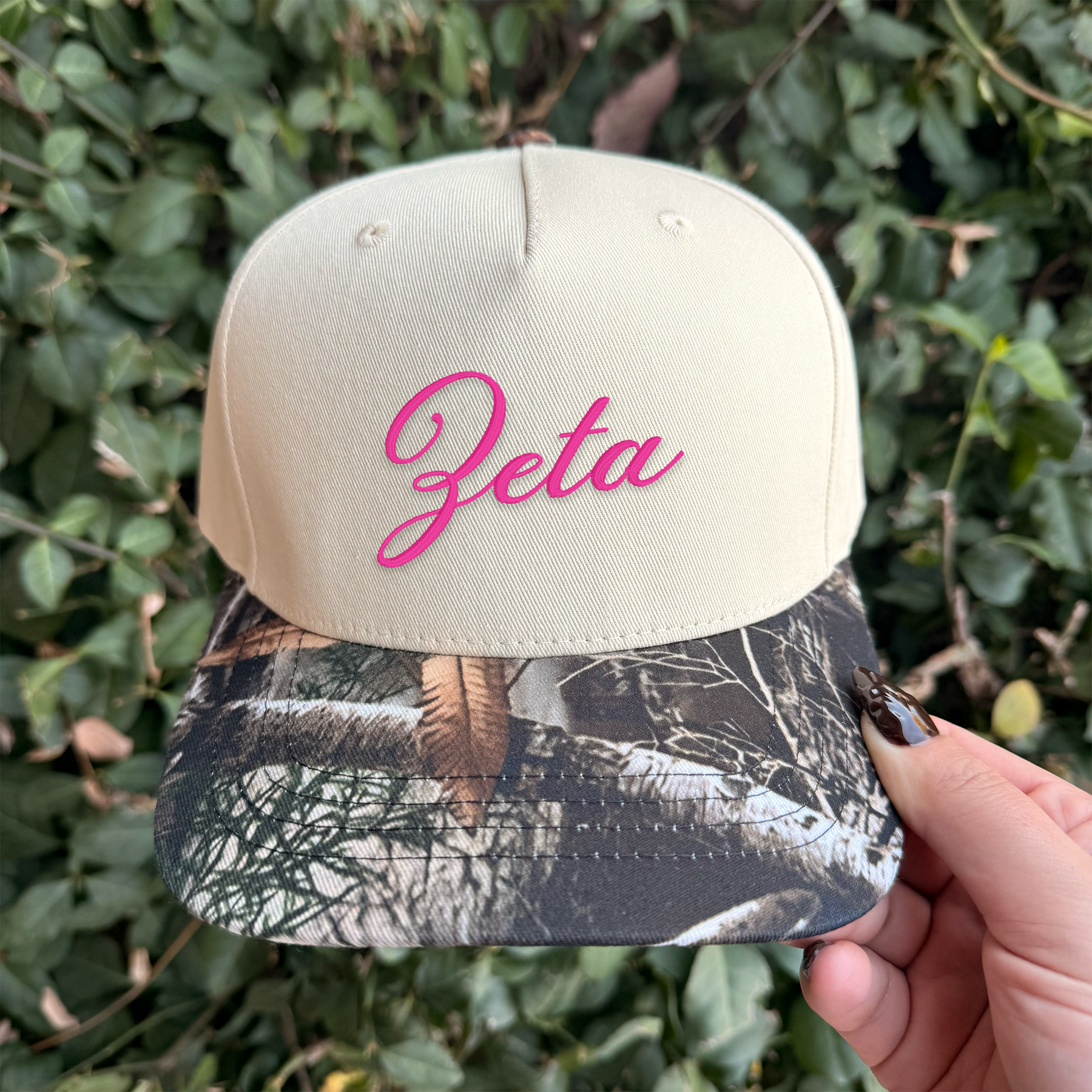 Zeta Tau Alpha Embroidered Camo Hat – Two Toned Hat
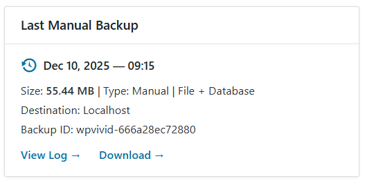 The Last Manual Backup module provides an immediate summary of the most recently created manual backup archive. This allows for quick verification and access to the file.
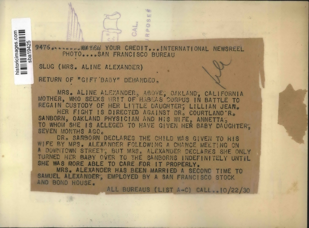Mrs. Aline Alexander, Oakland, California, mother who seeks Writ of Habeas Corpus in Battle to regain custody of her little daughter, Lillian Jean. he
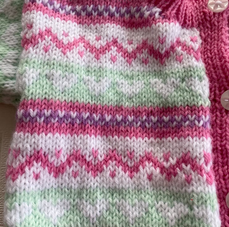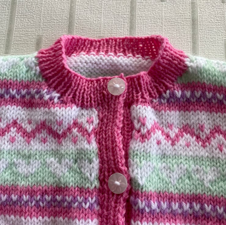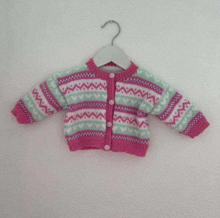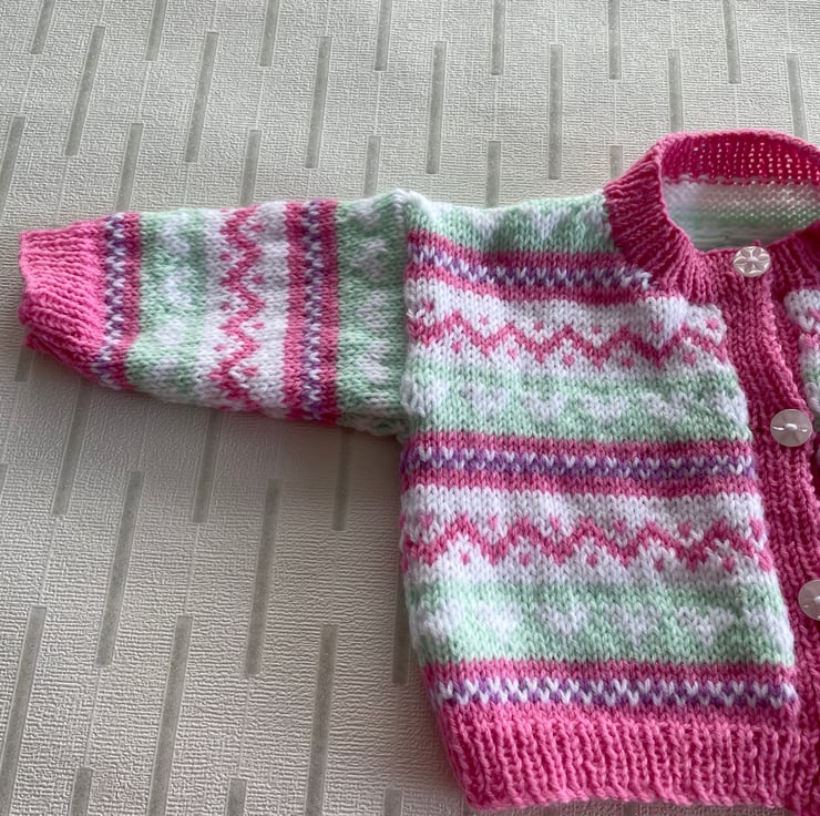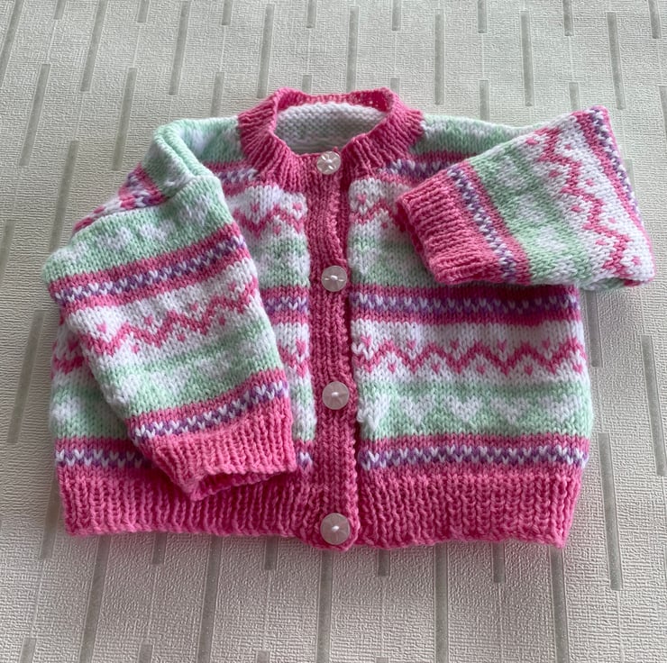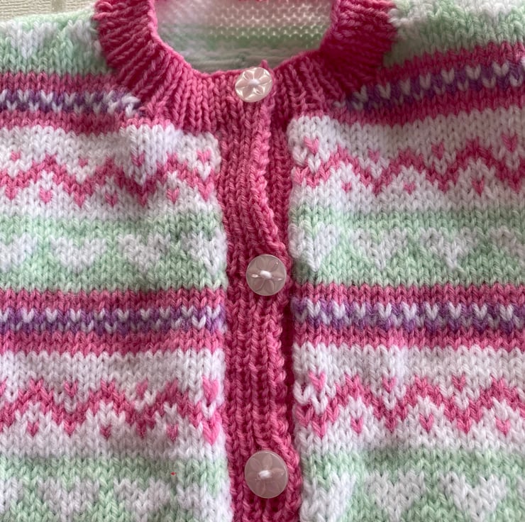 This pretty cardigan is hand knitted in a soft fine baby yarn. It is worked in fair isle bands with a round neck and fastens at the front with 4 white buttons. The ribs and bands are knitted in pink and the fair isle bands are in mint, white, pink and purple.
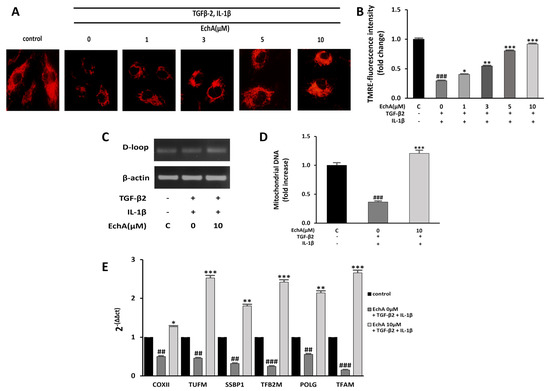 Mitochondrial dysfunction can induce fibrotic diseases [24]. Moreover, many studies that have investigated mitochondrial function during EMT have found that TGF-1β treatment impairs mitochondrial function by increasing ROS production and reducing mitochondrial membrane potential, ATP content, mitochondrial DNA content, and mitochondrial complex protein expression [25,26,27]. Our recent study demonstrated that EchA significantly increased mitochondrial mass and oxidative phosphorylation function, which enhanced the mitochondrial energy efficiency by modulating major mitochondrial biogenesis regulatory genes, including PGC-1α and NRF-1 [28]. Therefore, we examined whether EchA improves mitochondrial dysfunction by inhibiting TGF-β2- and IL-1β-induced EndMT in HUVECs. First, the mitochondrial membrane potential was measured using TMRE fluorescence. Compared with the control group, the mitochondrial membrane potential was significantly decreased in the TGF-β2- and IL-1β-stimulated group. Conversely, EchA (1, 3, 5, and 10 μM) treatment significantly increased the mitochondrial membrane potential of the TGF-β2- and IL-1β-stimulated group (Figure 4A,B). In addition, compared with the TGF-β2- and IL-1β-stimulated group, mitochondrial DNA content significantly increased in the EchA (10 μM) treatment group (Figure 4C,D). To evaluate the mitochondrial function, we examined the expression levels of mitochondrial biogenesis-regulated genes using qPCR. The results of qPCR demonstrated that the expression levels of these genes were significantly increased after treatment with EchA, compared with the TGF-β2- and IL-1β-stimulated groups (Figure 4E). Overall, these results suggest that ECs undergoing EndMT have a protective effect against mitochondrial dysfunction, due to EchA treatment.
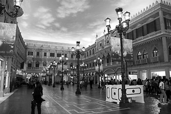 于2007年8月开业的威尼斯人度假村酒店,占地150万平方米,融名店、娱乐、酒店等于一体,客房达3000间,另设12万平方米的会议展览场地、座位达1.5万个的表演场地、10万方平米的购物中心以及5.4万平方米的博彩场地。
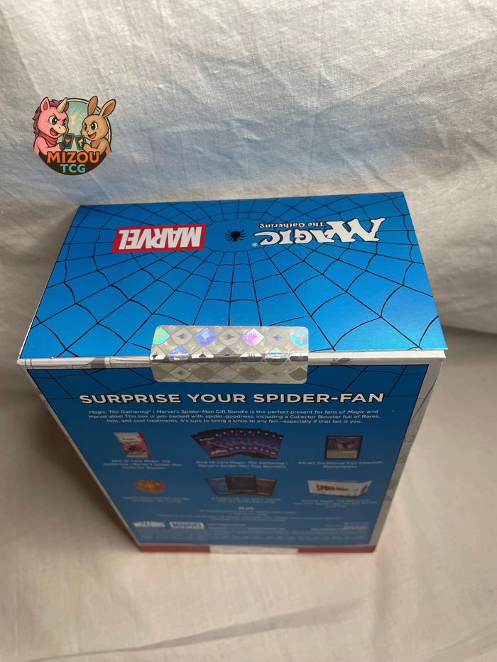 Mots-clés: Magic The Gathering, Marvel, Spider-Man, Bundle, Gift Bundle, Booster Collector, Play Booster, cartes à collectionner, TCG, Gwenom, promo foil, terrains foil, dé Spindown, boîte rangement, anglais, English, EN, Wizards of the Coast, Amazing Fantasy, comics, super-héros, cartes premium, extension Marvel, scellé
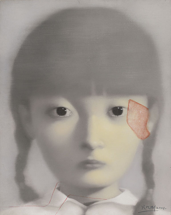 整齊和標準的姿勢以及模型化的表情被認為受過去時代的特徵。但是藝術家並不僅僅滿足於此,張曉剛希望呈現的是各種各樣的血緣關係,親情的、社會的、文化的。從張曉剛「大家庭」的理念可以看出一種時代的集體特徵,也是讓這系列的畫作能夠名揚國際的原因,但是張曉剛曾經自嘲的說,他這個畫大家庭的人,自己的家庭卻是一塌糊塗。關於家庭和血緣,張曉剛有過一個經典的總結:「血緣牢不可破,家庭不堪一擊」。跟前任妻子離婚後,他從四川搬到北京,因為太過思念女兒,成為創作「大家庭」之後的系列作品「失憶與記憶」的緣起。他對女兒的愛,就像現在的妻子佳佳所說的:「我覺得他女兒是他身體的一部份,他自己也說他女兒就是他身上的一根肋骨。我經常也跟他說,他女兒就是他自己,兩人在一起不像兩個人,像一個人。」
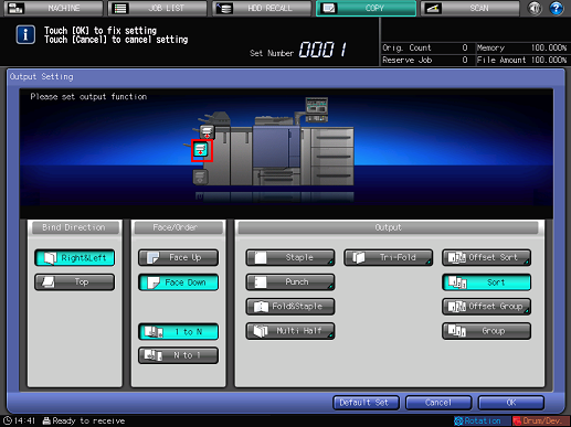 A machine mounted with Finisher FS-612 is initially set to output sorted sets to the primary (main) tray, regardless of whether or not to be equipped with other options. Follow the procedure below to change the output tray and select the desired output mode.

══════════

> PROBLEM TO WORK ON
A faithful copy of each entry is required, and no picture may be carried into it.

> TASK SOLUTION
 Zeta Tau Alpha Embroidered Camo Hat – Two Toned Hat
 The Last Manual Backup module provides an immediate summary of the most recently created manual backup archive. This allows for quick verification and access to the file.
Mrs. Aline Alexander, Oakland, California, mother who seeks Writ of Habeas Corpus in Battle to regain custody of her little daughter, Lillian Jean. he
 This pretty cardigan is hand knitted in a soft fine baby yarn. It is worked in fair isle bands with a round neck and fastens at the front with 4 white buttons. The ribs and bands are knitted in pink and the fair isle bands are in mint, white, pink and purple.
 Mitochondrial dysfunction can induce fibrotic diseases [24]. Moreover, many studies that have investigated mitochondrial function during EMT have found that TGF-1β treatment impairs mitochondrial function by increasing ROS production and reducing mitochondrial membrane potential, ATP content, mitochondrial DNA content, and mitochondrial complex protein expression [25,26,27]. Our recent study demonstrated that EchA significantly increased mitochondrial mass and oxidative phosphorylation function, which enhanced the mitochondrial energy efficiency by modulating major mitochondrial biogenesis regulatory genes, including PGC-1α and NRF-1 [28]. Therefore, we examined whether EchA improves mitochondrial dysfunction by inhibiting TGF-β2- and IL-1β-induced EndMT in HUVECs. First, the mitochondrial membrane potential was measured using TMRE fluorescence. Compared with the control group, the mitochondrial membrane potential was significantly decreased in the TGF-β2- and IL-1β-stimulated group. Conversely, EchA (1, 3, 5, and 10 μM) treatment significantly increased the mitochondrial membrane potential of the TGF-β2- and IL-1β-stimulated group (Figure 4A,B). In addition, compared with the TGF-β2- and IL-1β-stimulated group, mitochondrial DNA content significantly increased in the EchA (10 μM) treatment group (Figure 4C,D). To evaluate the mitochondrial function, we examined the expression levels of mitochondrial biogenesis-regulated genes using qPCR. The results of qPCR demonstrated that the expression levels of these genes were significantly increased after treatment with EchA, compared with the TGF-β2- and IL-1β-stimulated groups (Figure 4E). Overall, these results suggest that ECs undergoing EndMT have a protective effect against mitochondrial dysfunction, due to EchA treatment.
 于2007年8月开业的威尼斯人度假村酒店,占地150万平方米,融名店、娱乐、酒店等于一体,客房达3000间,另设12万平方米的会议展览场地、座位达1.5万个的表演场地、10万方平米的购物中心以及5.4万平方米的博彩场地。
 Mots-clés: Magic The Gathering, Marvel, Spider-Man, Bundle, Gift Bundle, Booster Collector, Play Booster, cartes à collectionner, TCG, Gwenom, promo foil, terrains foil, dé Spindown, boîte rangement, anglais, English, EN, Wizards of the Coast, Amazing Fantasy, comics, super-héros, cartes premium, extension Marvel, scellé
 整齊和標準的姿勢以及模型化的表情被認為受過去時代的特徵。但是藝術家並不僅僅滿足於此,張曉剛希望呈現的是各種各樣的血緣關係,親情的、社會的、文化的。從張曉剛「大家庭」的理念可以看出一種時代的集體特徵,也是讓這系列的畫作能夠名揚國際的原因,但是張曉剛曾經自嘲的說,他這個畫大家庭的人,自己的家庭卻是一塌糊塗。關於家庭和血緣,張曉剛有過一個經典的總結:「血緣牢不可破,家庭不堪一擊」。跟前任妻子離婚後,他從四川搬到北京,因為太過思念女兒,成為創作「大家庭」之後的系列作品「失憶與記憶」的緣起。他對女兒的愛,就像現在的妻子佳佳所說的:「我覺得他女兒是他身體的一部份,他自己也說他女兒就是他身上的一根肋骨。我經常也跟他說,他女兒就是他自己,兩人在一起不像兩個人,像一個人。」
 A machine mounted with Finisher FS-612 is initially set to output sorted sets to the primary (main) tray, regardless of whether or not to be equipped with other options. Follow the procedure below to change the output tray and select the desired output mode.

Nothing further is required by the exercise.